|| ||Rusty Russell <rusty-AT-rustcorp.com.au>|
|| ||Andi Kleen <ak-AT-suse.de>|
|| ||Re: [PATCH RFC] [1/9] Core module symbol namespaces code and intro.|
|| ||Fri, 23 Nov 2007 14:35:05 +1100|
|| ||Christoph Hellwig <hch-AT-infradead.org>, netdev-AT-vger.kernel.org,
On Friday 23 November 2007 12:36:22 Andi Kleen wrote:
> On Friday 23 November 2007 01:25, Rusty Russell wrote:
> > That's my point. If there's a whole class of modules which can use a
> > symbol, why are we ruling out external modules?
> The point is to get cleaner interfaces.
But this doesn't change interfaces at all. It makes modules fail to load
unless they're on a permitted list, which now requires maintenance.
> Anything which is kind of internal
> should only be used by closely related in tree modules which can be
Is there evidence that this is a problem for us? Are there any interfaces
you've restricted so far which are causing problems?
> Point of is not to be some kind of license enforcer or similar,
> there are already other mechanisms for that. Just to get the set of really
> public kernel interfaces down to a manageable level.
Why do we care what a "really public"? We treat them all the same, as
changeable interfaces. ie. None of them are "really public".

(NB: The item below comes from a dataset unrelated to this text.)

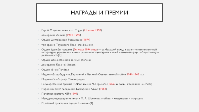 Народный поэт Кабардино-Балкарской АССР (1964)
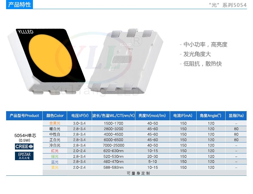 光系列5054H LED灯珠特性及参数:中小功率、高亮度、发光角度大、低阻抗、散热快

For example, you put all the udp functions in the "udp" namespace. But what
have we gained? What has become easier to maintain? All those function
start with "udp_": are people having trouble telling what they're for?
If you really want to reduce "public interfaces" then it's much simpler to
mark explicitly what out-of-tree modules can use. We can have a list of
symbol names in include/linux/public-exports.h.
I just don't see what problems this separation solves.